Introduction Catharine MacMillan
Part I. Magna Carta, Challenges to Authority and the Recognition of Rights in England:
1. Magna Carta: the emergence of the myth John Baker
2. Benefit of clergy and the authority of Magna Carta Margaret McGlynn
3. How to get rid of a king: lawyering the Revolution of 1399 David Seipp
4. Magna Carta and the fragmented authorities of the later Middle Ages Anthony Musson
5. Revolution principles and the revolution bench Mike Macnair
Part II. Broader Challenges to Authority and the Recognition of Rights in England:
6. Magna Carta Clauses 4 and 5 and the problem of account Joshua Getzler
7. Some effects of war on the law in late eighteenth and early nineteenth-century England James Oldham
8. Tax, freedom and social expectations: fiscal impact on the built environment in nineteenth-century England Chantal Stebbings
Part III. Magna Carta, Challenges to Authority and the Recognition (and Rejection) of Rights beyond England:
9. The Magna Carta in the German discourse about English constitutional law between the eighteenth and the early twentieth century Andreas Thier
10. A Magna Carta for the world?

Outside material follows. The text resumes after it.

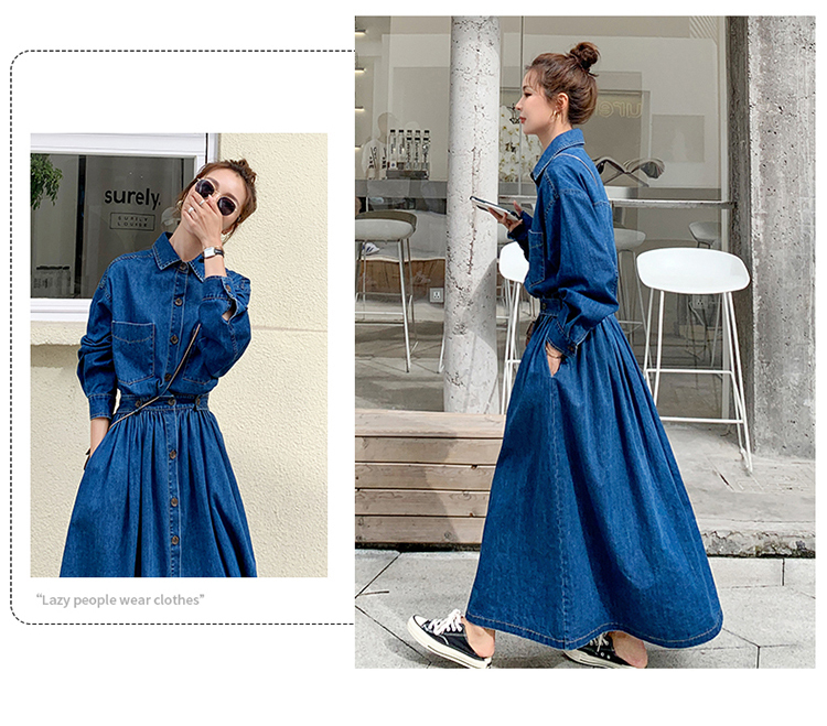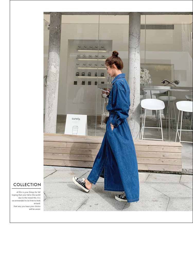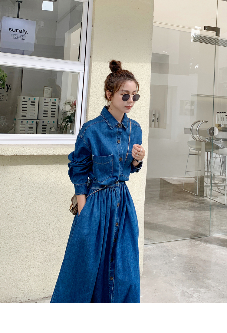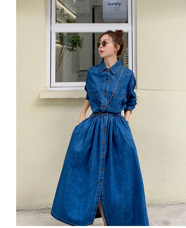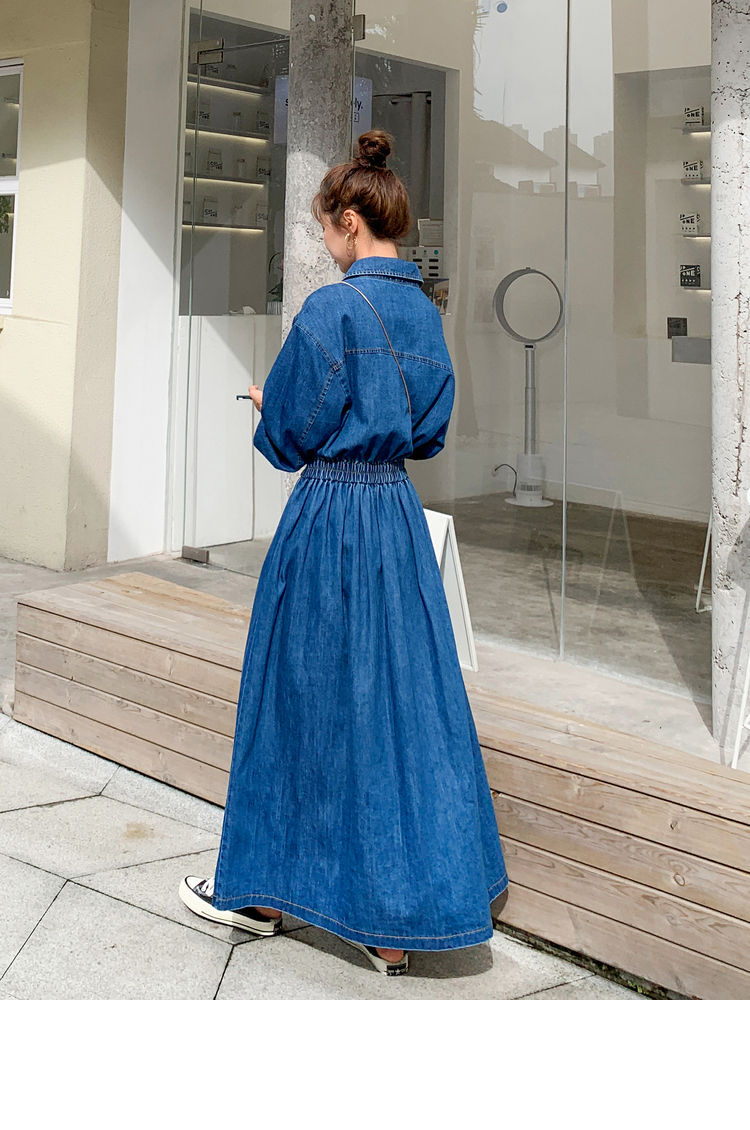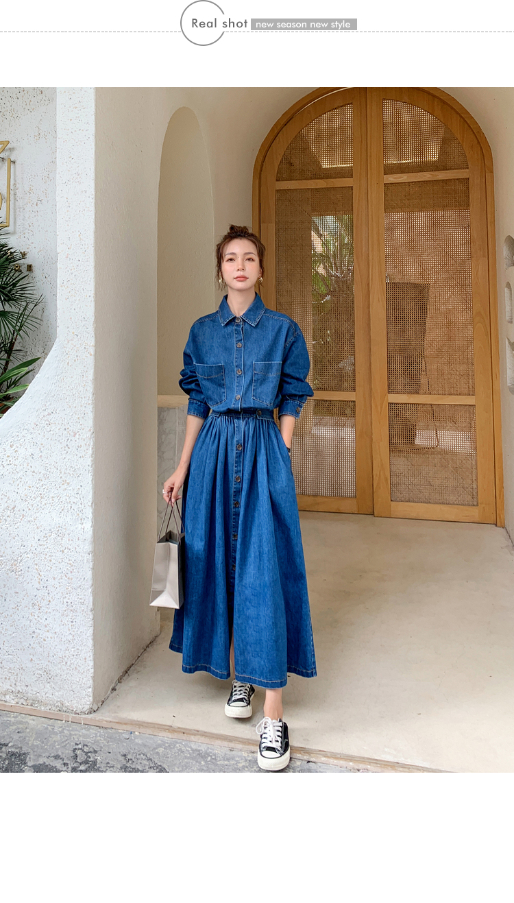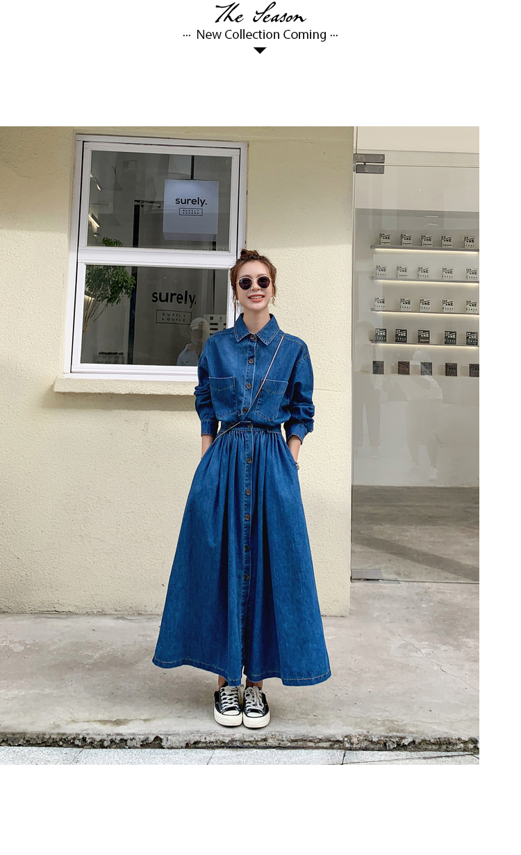 獨家訂製│韓系氣質感翻領收腰牛仔連衣裙(11H4923)

The constitutional protection of foreign subjects in the age of revolution Daniel Hulsebosch
11. 'The state of slavery': the slave, grace, and the rise of pro-slavery constitutionalism in the nineteenth-century Atlantic world Patricia Hagler Minter
12. The Royal Proclamation of 1763: an indigenous Magna Carta's rough ride in British Columbia Hamar Foster
13. 'Law: challenges to authority and the recognition of rights': examples from British India Raymond Cocks
14. 'Unfortunate necessities of warfare?': Australia's national security regulations and the right to free speech during World War I Diane Kirkby.